>>
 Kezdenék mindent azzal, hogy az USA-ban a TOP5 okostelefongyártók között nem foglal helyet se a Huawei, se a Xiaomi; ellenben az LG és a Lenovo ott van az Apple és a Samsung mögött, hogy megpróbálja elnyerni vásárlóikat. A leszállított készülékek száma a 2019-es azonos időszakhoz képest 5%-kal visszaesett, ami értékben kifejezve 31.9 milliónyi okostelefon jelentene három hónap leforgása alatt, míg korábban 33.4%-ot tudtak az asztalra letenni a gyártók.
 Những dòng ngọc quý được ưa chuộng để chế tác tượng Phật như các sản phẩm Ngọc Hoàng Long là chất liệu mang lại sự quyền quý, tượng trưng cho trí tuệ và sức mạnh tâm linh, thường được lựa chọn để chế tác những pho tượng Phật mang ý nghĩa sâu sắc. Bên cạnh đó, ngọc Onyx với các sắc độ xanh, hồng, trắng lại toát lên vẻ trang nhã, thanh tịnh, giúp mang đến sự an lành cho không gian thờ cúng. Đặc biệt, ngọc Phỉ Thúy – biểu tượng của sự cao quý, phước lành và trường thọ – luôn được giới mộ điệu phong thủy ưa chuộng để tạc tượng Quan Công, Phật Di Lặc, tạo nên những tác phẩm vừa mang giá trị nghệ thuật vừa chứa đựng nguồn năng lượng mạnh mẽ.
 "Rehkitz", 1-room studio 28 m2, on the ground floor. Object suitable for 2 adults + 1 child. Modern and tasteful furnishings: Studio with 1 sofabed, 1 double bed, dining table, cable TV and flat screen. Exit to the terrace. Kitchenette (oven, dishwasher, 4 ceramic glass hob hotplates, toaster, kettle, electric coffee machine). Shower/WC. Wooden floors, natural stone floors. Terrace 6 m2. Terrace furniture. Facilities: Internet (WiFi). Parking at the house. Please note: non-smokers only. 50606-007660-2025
<<
>>
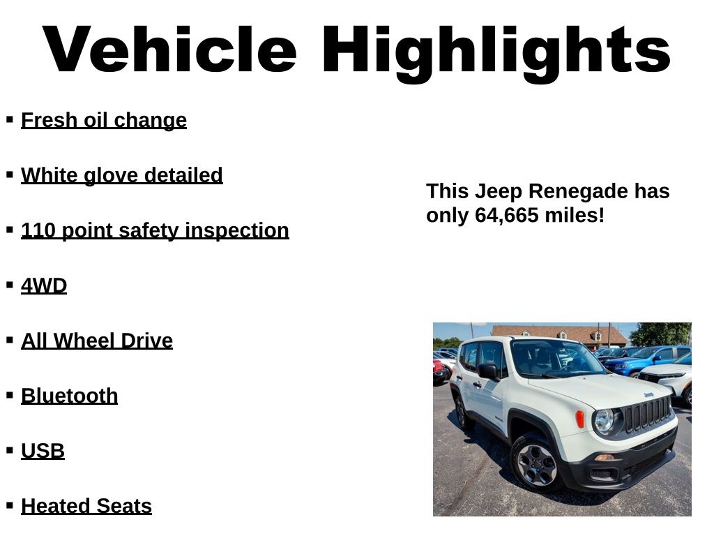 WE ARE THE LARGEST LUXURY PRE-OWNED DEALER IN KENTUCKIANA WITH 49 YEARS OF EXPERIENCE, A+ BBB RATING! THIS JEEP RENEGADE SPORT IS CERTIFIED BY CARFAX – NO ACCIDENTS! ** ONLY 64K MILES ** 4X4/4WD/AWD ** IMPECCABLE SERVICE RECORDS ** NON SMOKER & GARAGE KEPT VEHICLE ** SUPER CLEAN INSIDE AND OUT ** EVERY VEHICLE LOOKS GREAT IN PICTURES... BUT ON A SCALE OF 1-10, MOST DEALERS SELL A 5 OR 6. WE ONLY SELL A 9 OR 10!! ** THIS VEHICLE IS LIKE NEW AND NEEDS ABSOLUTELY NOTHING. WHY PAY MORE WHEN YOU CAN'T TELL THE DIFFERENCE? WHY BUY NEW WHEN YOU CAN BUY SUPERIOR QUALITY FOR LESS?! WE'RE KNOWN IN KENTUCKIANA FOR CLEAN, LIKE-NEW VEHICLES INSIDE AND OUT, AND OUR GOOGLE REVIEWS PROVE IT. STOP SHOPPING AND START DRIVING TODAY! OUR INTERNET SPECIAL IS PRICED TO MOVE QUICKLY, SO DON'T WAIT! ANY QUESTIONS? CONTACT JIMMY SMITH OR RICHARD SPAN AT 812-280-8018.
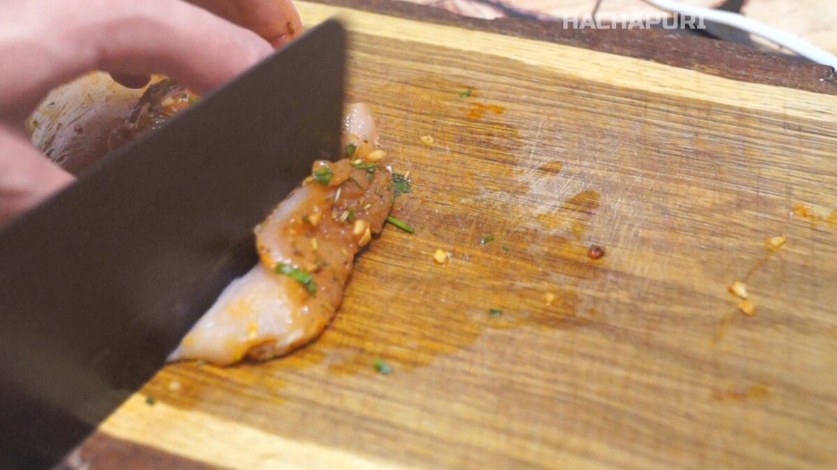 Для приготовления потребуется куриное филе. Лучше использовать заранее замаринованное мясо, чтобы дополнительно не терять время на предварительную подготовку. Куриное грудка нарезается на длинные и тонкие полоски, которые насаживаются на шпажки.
<<
**TASK GOAL:** Everything above from the line containing "Kezdenék mindent azzal, hogy" down to the line containing "Những dòng ngọc" is to be transcribed exactly, with both of those lines included and nothing else added.

**SOLUTION TO THIS EXERCISE:**
 Kezdenék mindent azzal, hogy az USA-ban a TOP5 okostelefongyártók között nem foglal helyet se a Huawei, se a Xiaomi; ellenben az LG és a Lenovo ott van az Apple és a Samsung mögött, hogy megpróbálja elnyerni vásárlóikat. A leszállított készülékek száma a 2019-es azonos időszakhoz képest 5%-kal visszaesett, ami értékben kifejezve 31.9 milliónyi okostelefon jelentene három hónap leforgása alatt, míg korábban 33.4%-ot tudtak az asztalra letenni a gyártók.
 Những dòng ngọc quý được ưa chuộng để chế tác tượng Phật như các sản phẩm Ngọc Hoàng Long là chất liệu mang lại sự quyền quý, tượng trưng cho trí tuệ và sức mạnh tâm linh, thường được lựa chọn để chế tác những pho tượng Phật mang ý nghĩa sâu sắc. Bên cạnh đó, ngọc Onyx với các sắc độ xanh, hồng, trắng lại toát lên vẻ trang nhã, thanh tịnh, giúp mang đến sự an lành cho không gian thờ cúng. Đặc biệt, ngọc Phỉ Thúy – biểu tượng của sự cao quý, phước lành và trường thọ – luôn được giới mộ điệu phong thủy ưa chuộng để tạc tượng Quan Công, Phật Di Lặc, tạo nên những tác phẩm vừa mang giá trị nghệ thuật vừa chứa đựng nguồn năng lượng mạnh mẽ.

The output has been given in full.